Always validate your LLM judge against a sample of human comparisons before trusting it at scale — measure agreement, and if it is low, the judge is the wrong tool for that task. Ready-made judge and eval setups are catalogued in the skills directory.
End-to-end example
A realistic offline pairwise evaluation looks like this:
- Pick 200 representative prompts.
- Generate one response per system for each prompt.
- For every pair of systems on every prompt, run the order-swapped debiased comparison with your LLM judge.
- Drop or split ties consistently.
- Fit Bradley-Terry over all comparisons to get ratings.
- Bootstrap the comparison set (resample with replacement, refit) to get 95% confidence intervals — overlapping intervals mean the systems are statistically tied.
- Report ratings with intervals, the judge model used, and the de-biasing method.
That confidence interval is the honest part most write-ups skip: a 12-point rating gap inside overlapping intervals is not a real win.
Frequently Asked Questions
What is pairwise LLM evaluation?
Pairwise LLM evaluation compares two model outputs side by side and asks which is better, instead of scoring each one on an absolute scale. You collect many of these A-vs-B verdicts from humans or an LLM judge, then convert the win/loss record into a ranking using Bradley-Terry or Elo. It is the method behind the LMSYS Chatbot Arena and is preferred because relative judgments are far more reliable than absolute scores.
What is the difference between Bradley-Terry and Elo for ranking models?
Bradley-Terry fits a strength parameter for every system jointly over all comparisons via maximum likelihood, so it is order-independent and ideal for a fixed offline dataset. Elo updates ratings incrementally after each comparison, so it suits streaming or online settings and lets new systems join without refitting, but its results depend on comparison order. On large balanced datasets the two agree closely.
How do I fix position bias in pairwise evaluation?
Evaluate every pair twice with the order swapped — once as (A, B) and once as (B, A) — and only count a response as the winner if it wins in both orderings, treating disagreements as ties. This removes most of the systematic preference judges show for the first (or last) position. Randomizing order alone is not enough; the swap-and-confirm method is what makes results trustworthy.
Why is pairwise comparison better than absolute scoring?

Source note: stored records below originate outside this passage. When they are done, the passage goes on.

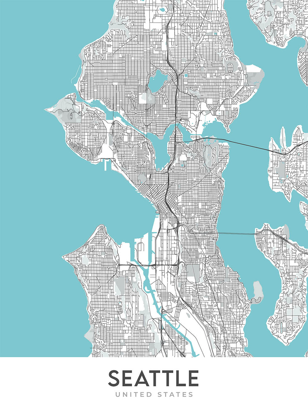 Modern City Map of Seattle, WA: Capitol Hill, Queen Anne, Belltown, Pike Place Market, Space Needle
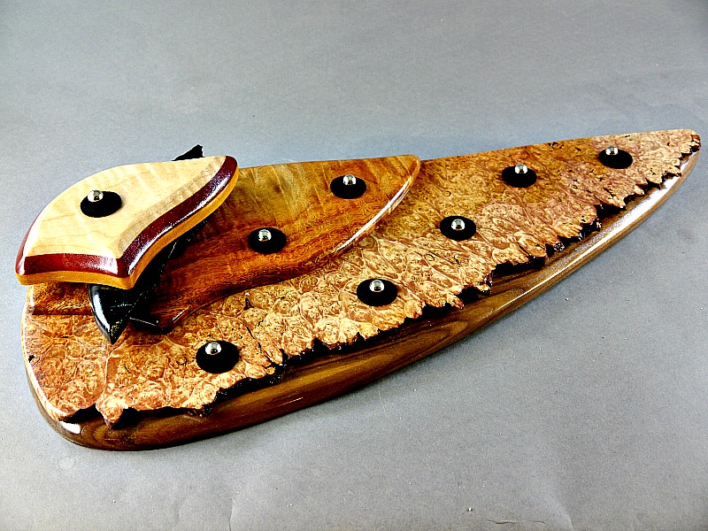 Maple, Satine, and Osage laminate on Morta and Figured Grandillo. Dyed Maple burl and Walnut base.
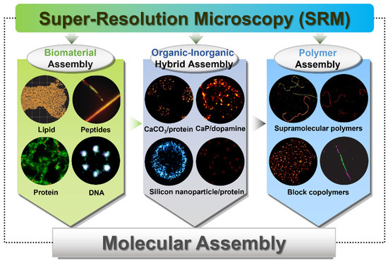 Super-resolution microscopy (SRM) techniques have greatly revolutionized the way that we study biological systems since their advent, breaking the diffraction limit and allowing the observation of samples as low as tens of nanometers and even at the single molecule level. Since the acknowledgement of the Nobel Prize in Chemistry in 2014 [18], SRM techniques have gained enormous interest from the fields of biology to other realms of science, including biomedicine, physics, plant science, and food science [19,20,21,22,23,24,25,26]. In recent years, SRM technologies have also become increasingly influential in materials science and chemistry as a method to reveal the dynamics and structures of assembled materials, which facilitate the visualization of materials with minimal invasiveness in operando [22,27]. More importantly, the use of SRM has also revolutionized the way that we comprehend supramolecular chemistry and molecular assemblies, complementing existing techniques and allowing us to address the individual dynamics and structures of molecular assembly by visualizing the individual self-assembled objective with its unprecedented temporal and spatial resolutions [17,28]. Different from TEM and SEM, SRM enables multicolor imaging with appropriate fluorescent labelling for detecting molecule interactions and provide in situ imaging, which can avoid the invasion of sample preparation and the drying or freezing procedure [17]. SRM herein has played an important role in the investigation of molecular assemblies and promoted the research of the structure of complex assembled materials [28,29,30].
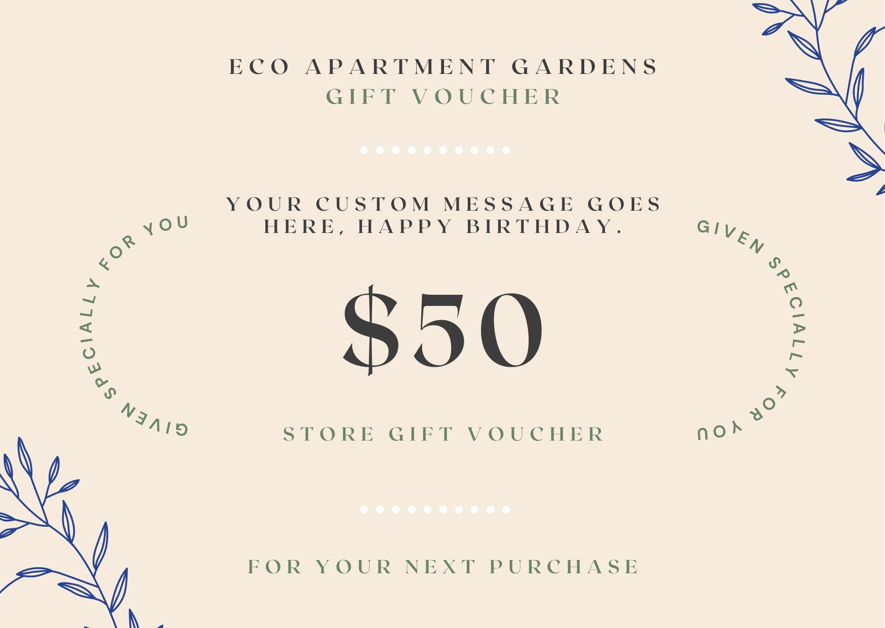 To inquire about larger voucher amounts please email adam@ecoapartmentgardens.com
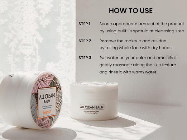 Step 1. To cleanse your face, scoop out a reasonable amount with the included spatula. Step 2. With dry hands, roll the product on the entire face to remove makeup and impurities. Step 3. With slightly wet hands, gently massage your face again to emulsify the balm. Then rinse with lukewarm water.
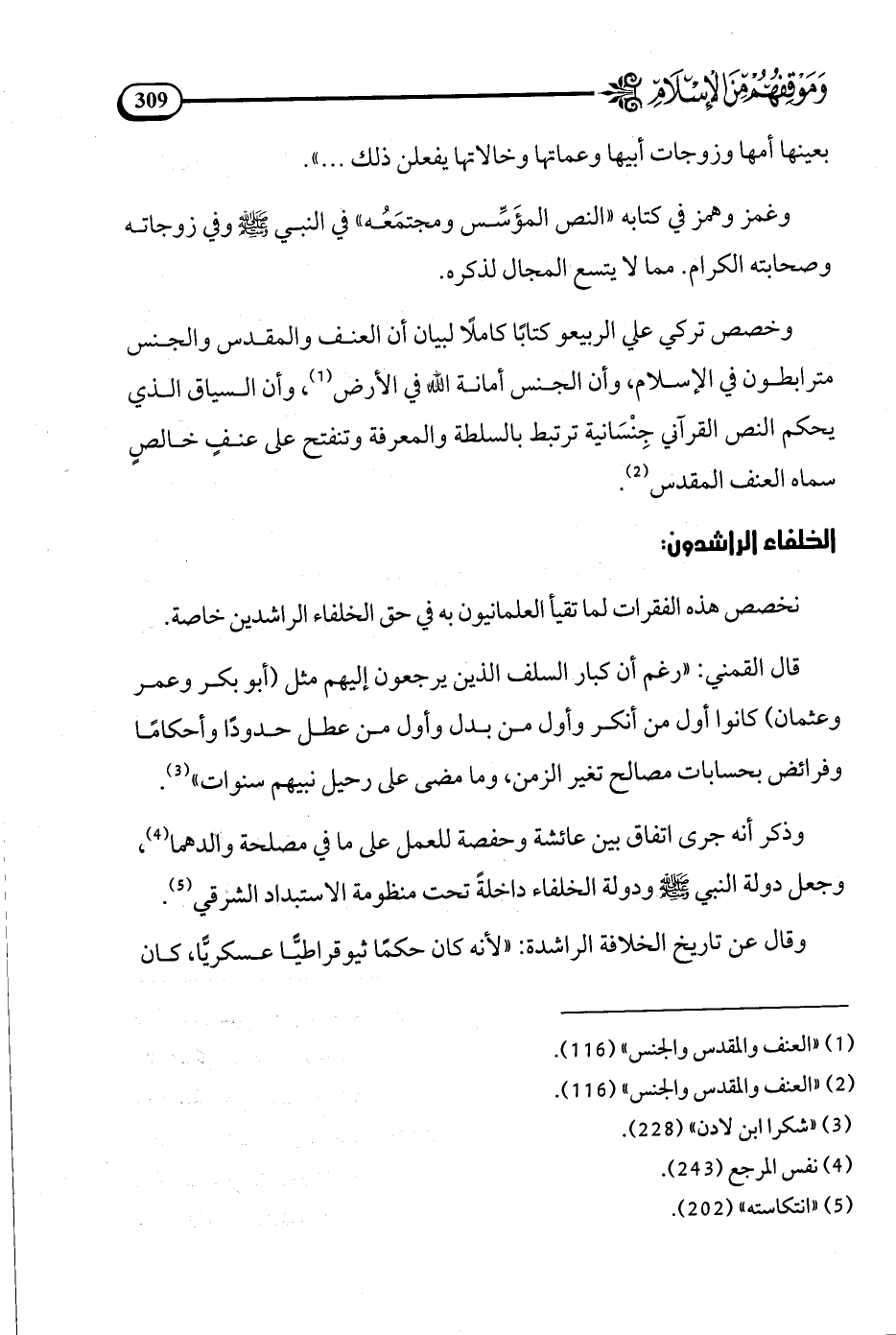وذكر أنه جرى اتفاق بين عائشة وحفصة للعمل على ما في مصلحة والدهما (¬4). وجعل دولة النبي - صلى الله عليه وسلم - ودولة الخلفاء داخلة تحت منظومة الاستبداد الشرقي (¬5).
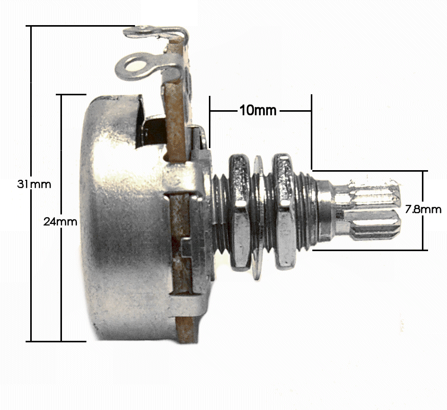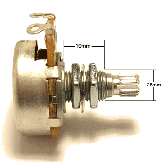 Note: These pots feature a more robust 9.5mm diameter collar. This may require the holes in your guitar/scratchplate to be "eased" slightly with a some rolled sandpaper (very easily done!). They are compatible with all knobs on our Knob page. (i.e. Standard 6mm, 18 spline, split-shaft).
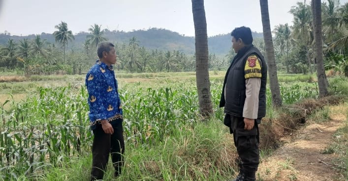 Babinkamtibmas Kelurahan Tegalbunder dari Polsek Purwakarta, Polres Cilegon, melakukan pengecekan langsung terhadap tanaman jagung di wilayah Kelurahan Tegalbunder

Absolute scoring is unreliable because judges anchor their scales differently and drift over time, and scores tend to cluster so closely that they fail to separate similar systems. Pairwise comparison only requires a relative "which is better" decision, which is cognitively easier and far more consistent for both humans and LLM judges. The trade-off is that you must aggregate many comparisons into a ranking.
What biases affect LLM judges in pairwise evaluation?

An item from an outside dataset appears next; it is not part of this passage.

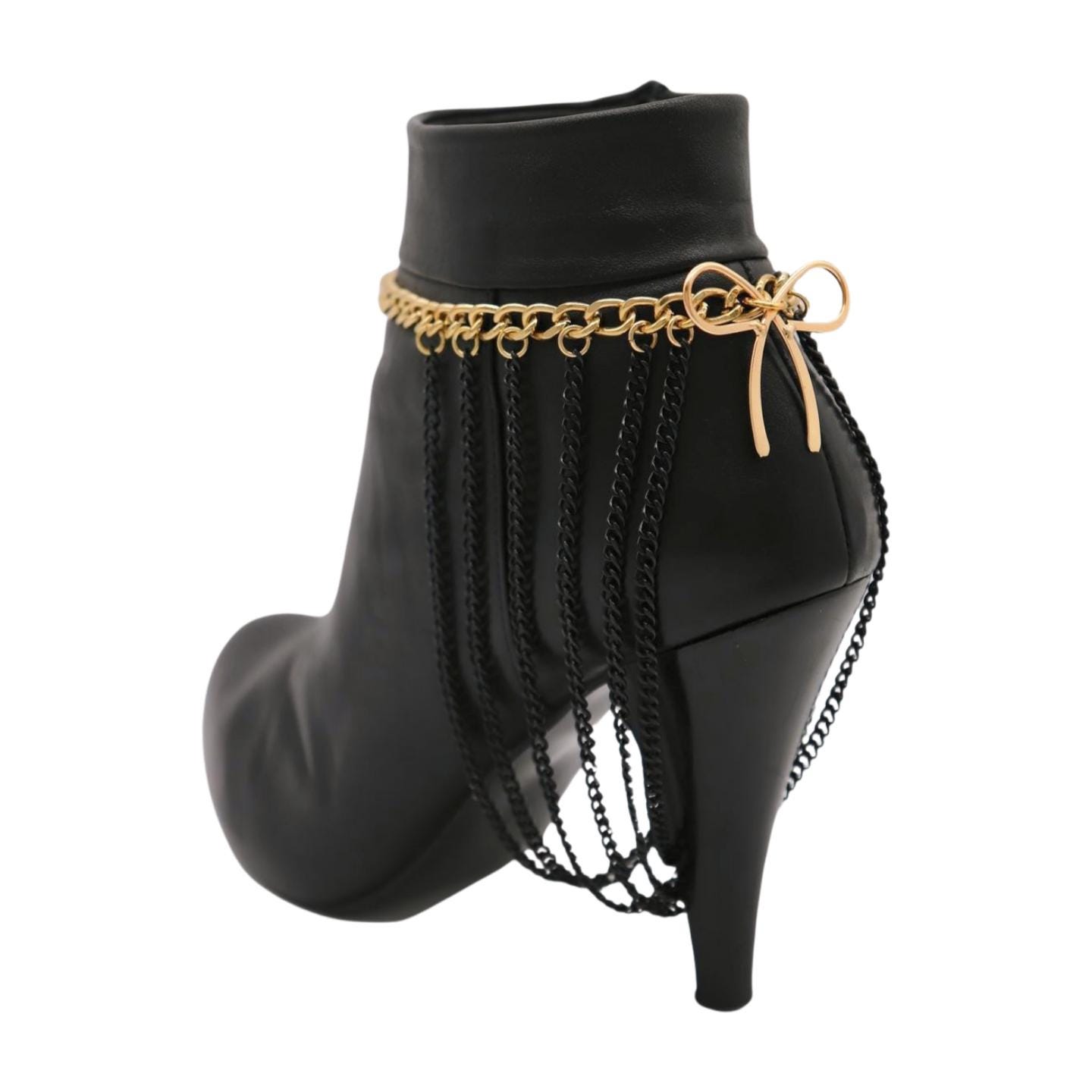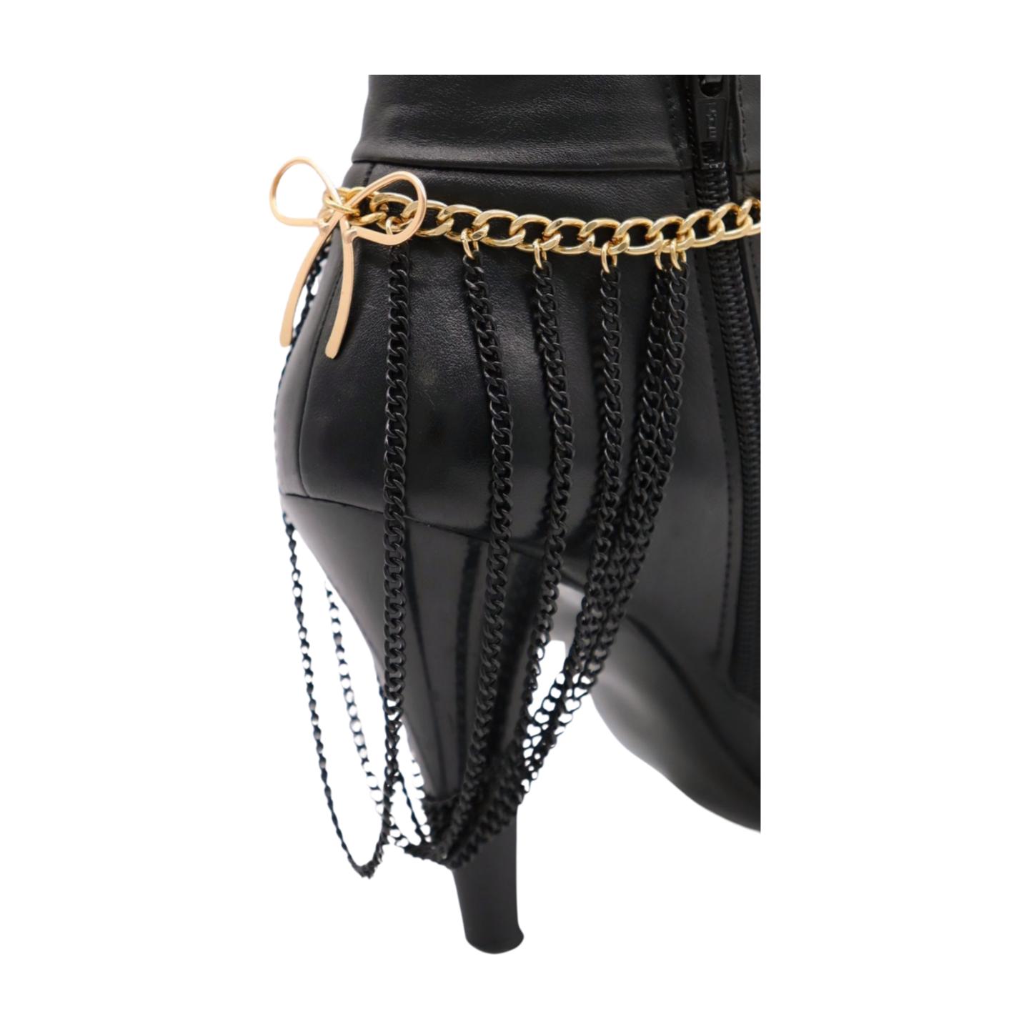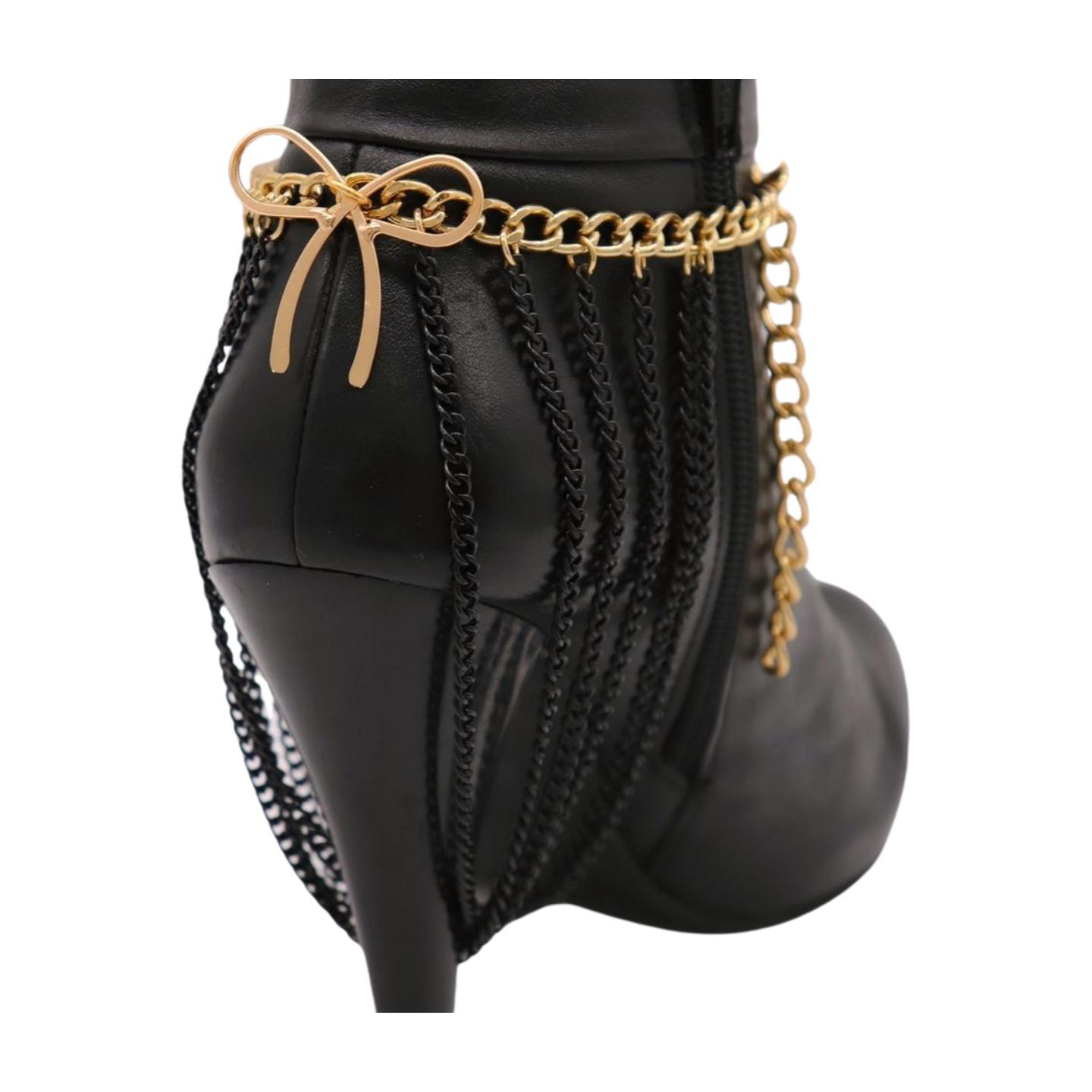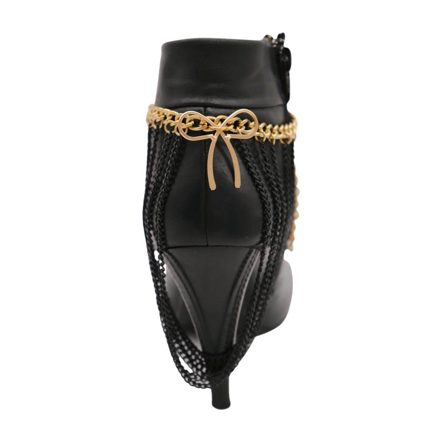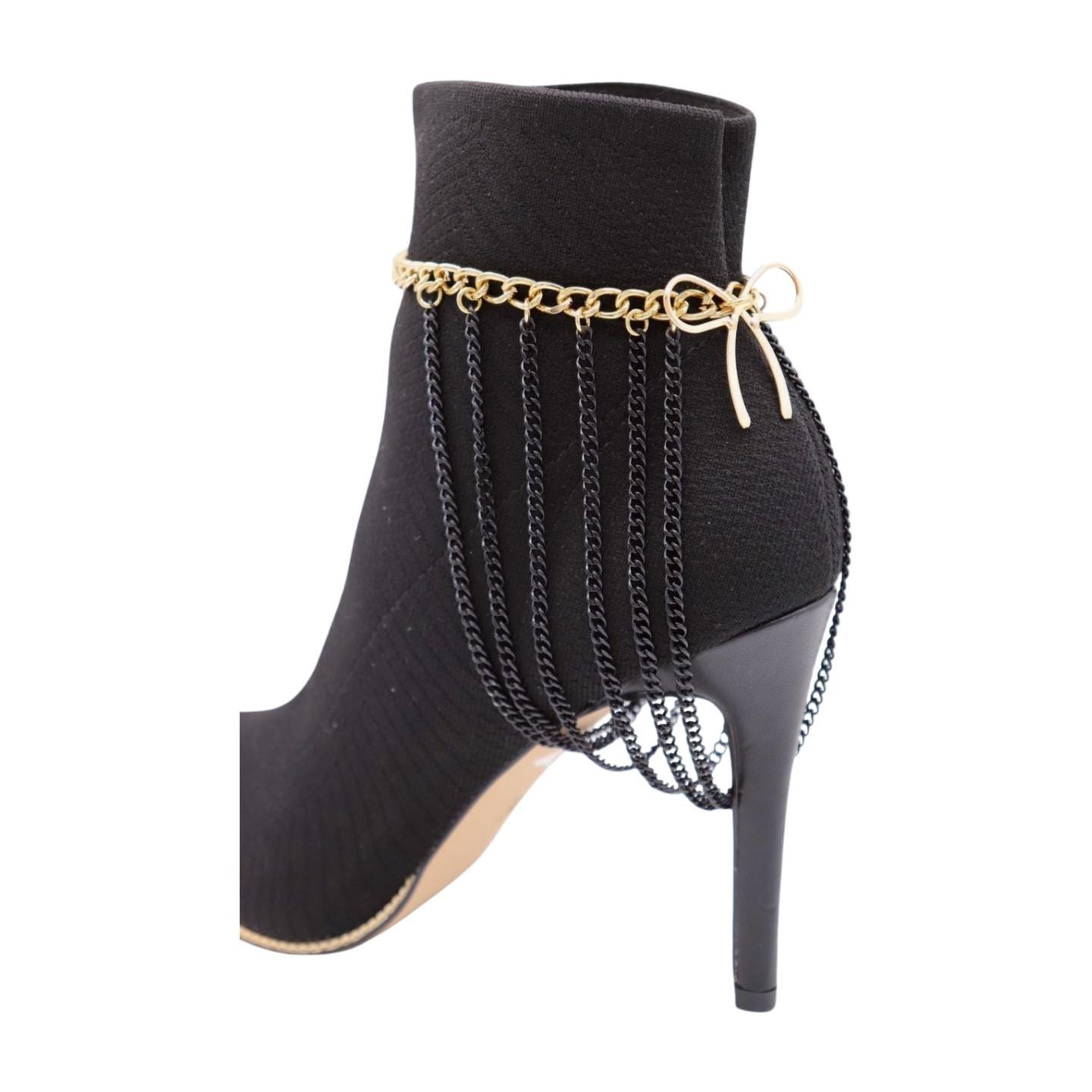 Black and gold boot chain anklet bracelet pair with bow charm draped chains BC198

The main ones are position bias (favoring the first or last response), verbosity bias (favoring longer answers), and self-preference bias (favoring outputs from the judge's own model family). Mitigate them by swapping order and confirming, instructing the judge to ignore length while checking the winners' length distribution, and using a judge from a different model family or an ensemble of judges. Always validate the judge against human comparisons first.
How many comparisons do I need to rank LLMs reliably?
There is no fixed number, but you need enough comparisons per pair that the confidence intervals around each rating do not overlap for systems you claim are different. Bootstrap the comparison set — resample with replacement and refit — to estimate those intervals. Many hundreds to thousands of comparisons are typical for separating close models; if intervals overlap, the systems are statistically tied regardless of the raw rating gap.